Je vais dire « Je » parce que je crois que je suis incapable d’écrire sur ma musique autrement qu’à la première personne. Je joue de la batterie depuis que j’ai quinze ans et j’ai toujours eu des groupes depuis. Même si j’y toujours contribué artistiquement, à différents degrés, ma latitude d’action, d’un point de vue créatif, a toujours été bridée par le fait que je sois batteur. Comme beaucoup de gens, j’ai appris à jouer très approximativement de la guitare et du clavier, et j’ai passé des années à ressasser des obsessions et des motifs récurrents, dans ma chambre et dans ma tête, sans rien faire de ça, et en sachant que même si j’étais et suis toujours extrêmement impliqué dans mes groupes passés et présents (Skategang, La Secte du Futur, Marietta dans une moindre mesure, et Bryan’s Magic Tears), la musique qu’on faisait ne me représentait qu’assez partiellement. J’ai toujours écouté énormément de reggae, de dancehall, de musique du Ghana, du Nigéria, du Congo, et globalement de la musique qui se base plus sur la répétition et l’intention que sur la composition, et c’est quelque chose que j’avais jamais vraiment pu développer là-dedans.
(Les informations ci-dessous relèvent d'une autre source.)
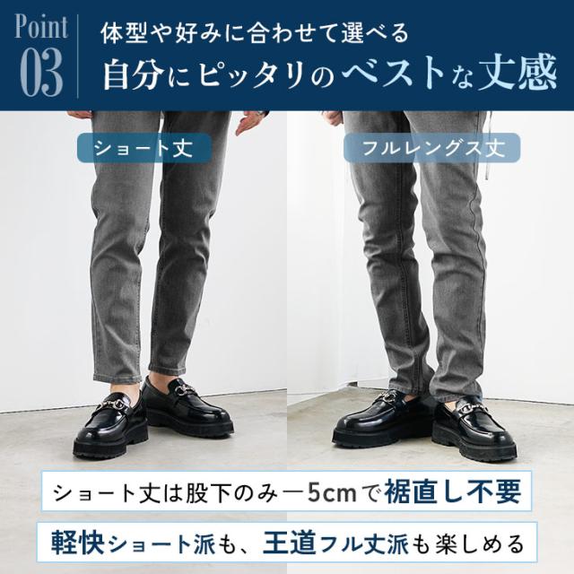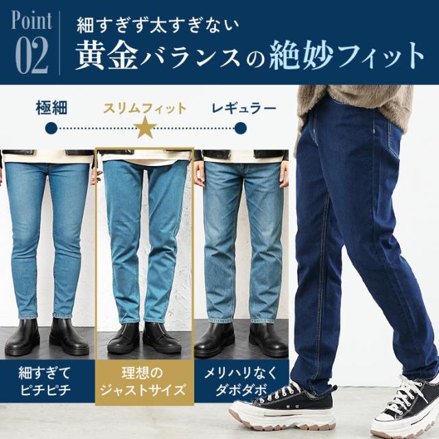 【スリムテーパードデニム】「ピチピチ」でも「ダボダボ」でもない絶妙なスリムフィットを実現しました。
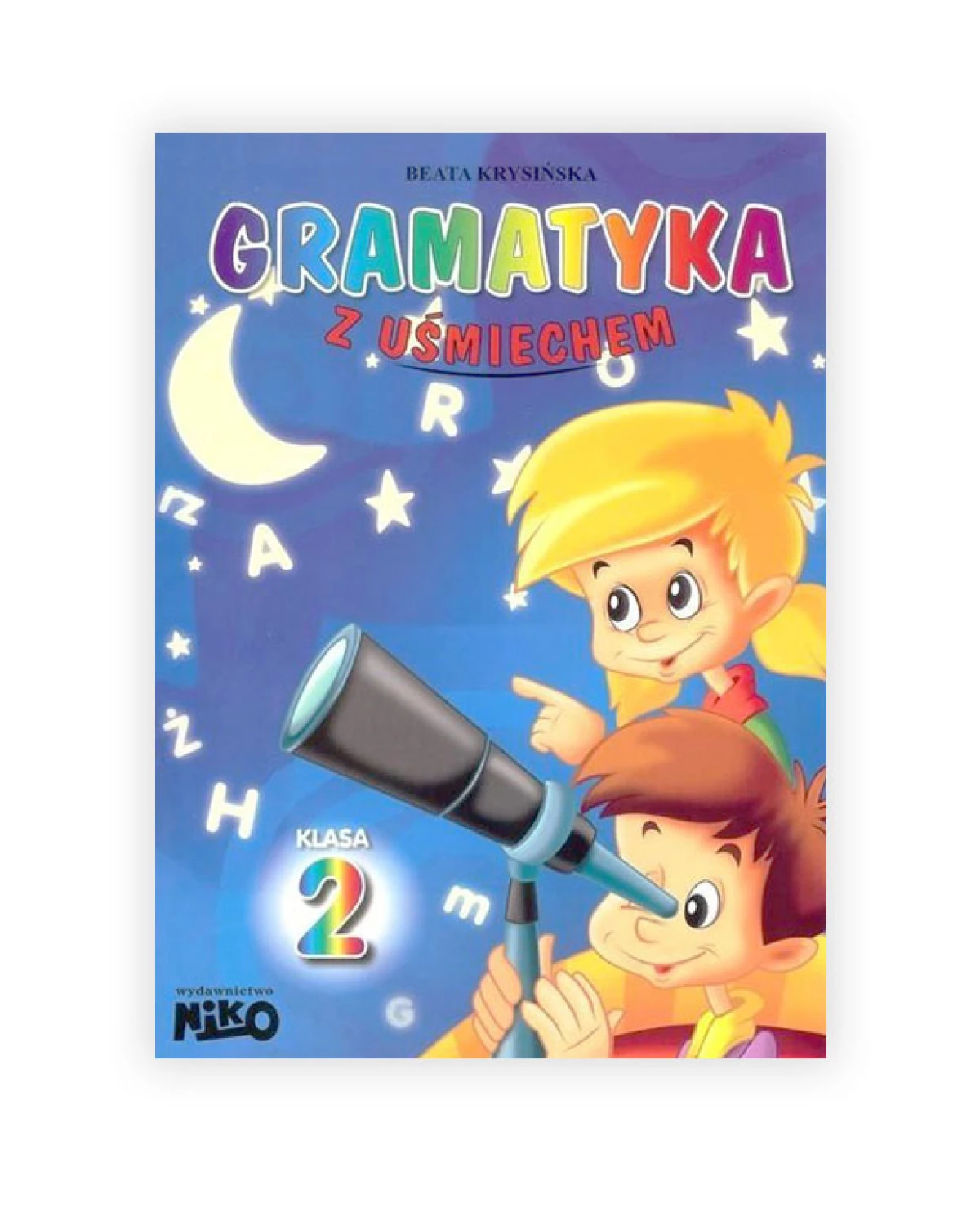 Książka dla dzieci pt. "Gramatyka z uśmiechem klasa 2 ", autorka: Beata Krysińska, kolorowe 56 strony z ćwiczeniami.

En 2015 mon frère et ami Benjamin Dupont, l’humain qui se cache derrière Bryan’s Magic Tears, a emménagé dans ma colocation / arche de Noé du 35 rue Clignancourt, dans le 18e, et c’est lui qui a tout débloqué en me montrant comment m’enregistrer tout seul ; et un matin de septembre, allongé sur le dos, j’ai vu la lumière.
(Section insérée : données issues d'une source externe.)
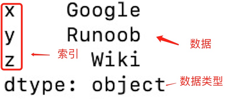 myvar = pd.Series(a, index = ["x", "y", "z"])
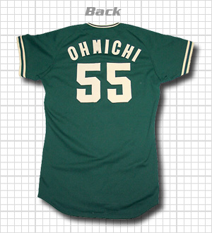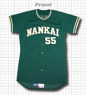 1988年の南海ホークス最後のモデル。そして最後の南海戦士のひとり大道選手の最初で最後の南海ユニフォームです。デザイン等は1986年版の山本和範選手のユニフォームと変わりませんが、コチラはセミプルオーバーではなく、前開き式のユニフォームです。
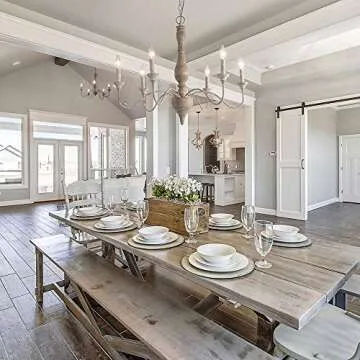 LNC French Country Chandeliers Wood 6 Lights Rust Arms for Dining, Bedroom, Living Room and Bathroom, Brown Lamp Body Size:D29.5 xH24.5

C’est vraiment un monde nouveau qui s’est ouvert à moi, je me suis mis à enregistrer à un rythme assez intensif, en me laissant simplement porter par ce que j’avais dans la tête et dans les doigts depuis des années ; j’ai accumulé beaucoup de matériel dont une grande partie de bouts de morceaux inachevés, et j’ai essayé – j’essaie encore – de comprendre moi- même où je voulais en venir et d’apprendre à systématiser et à canaliser mes obsessions pour en faire quelque chose de personnel.
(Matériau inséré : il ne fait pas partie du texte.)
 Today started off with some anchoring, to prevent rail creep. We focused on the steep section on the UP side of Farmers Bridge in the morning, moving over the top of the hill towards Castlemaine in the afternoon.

Le fait d’enregistrer beaucoup, sans contrainte de format ni de groupe ni d’attentes quelconques, en me laissant totalement porter par ce qui sortait sur l’instant, ça m’a permis de me donner un certain aperçu de moi-même ; je ne fais pas partie des gens qui composent de la musique en ayant une idée de là où ils veulent aller, mais à force de répéter l’exercice, un truc cohérent finit par se dessiner. Je dirais que ça oscille, pour la musique, entre krautrock synthétique, dancehall lo-fi, Manchester sound enregistré avec des jouets, rock à la Velvet et Memphis rap pour enfant ; et entre Les Négresses Vertes et Julien Gracq pour les textes. J’écris toujours la base de mes textes sans musique, et j’y accorde beaucoup d’importance ; le français est devenu évident parce que j’ai envie de dire quelque chose de vrai et que j’en serai incapable autrement – même si le texte de « The Fur » est en anglais, mais c’était pour séduire une fille (ça n’a pas marché), et ça ne se reproduira plus. C’est mon amie Paula, de J.C. Satan et Succhiamo, qui chante sur « Mariposa » et « Venera 16 », parce que je n’avais aucune idée de quoi faire là-dessus ; je lui ai envoyé les morceaux et elle a chanté dans son téléphone, c’était génial alors on l’a enregistré.

Ce premier album, c’est un espèce de best-of des années 2015 à 2018, les chansons qui tenaient le mieux debout, celles sur lesquelles j’avais du texte, les brouillons les mieux achevés, en gros. Je dois son existence à mes amis du micro- label Megattera qui, à force d’entendre mes chansons chez moi la nuit, ont décidé les premiers de les sortir confidentiellement en cassette ; sans eux, elles seraient encore dans mon disque dur. Sous le charme, Born Bad Records confie alors à Olivier Demeaux de Cheveu/ Heimat la mission de mixer les « meilleurs » morceaux pour leur donner le lustre qu’ils méritent et faire de ces quelques titres foutraques et éparses un album à part entière. Adam Karakos, du Villejuif Underground, Guillaume Rottier, de Rendez-Vous, Nikolaj Boursniev, de Quetzal Snakes, et Milia Colombani, qui joue dans la moitié des groupes de Paris.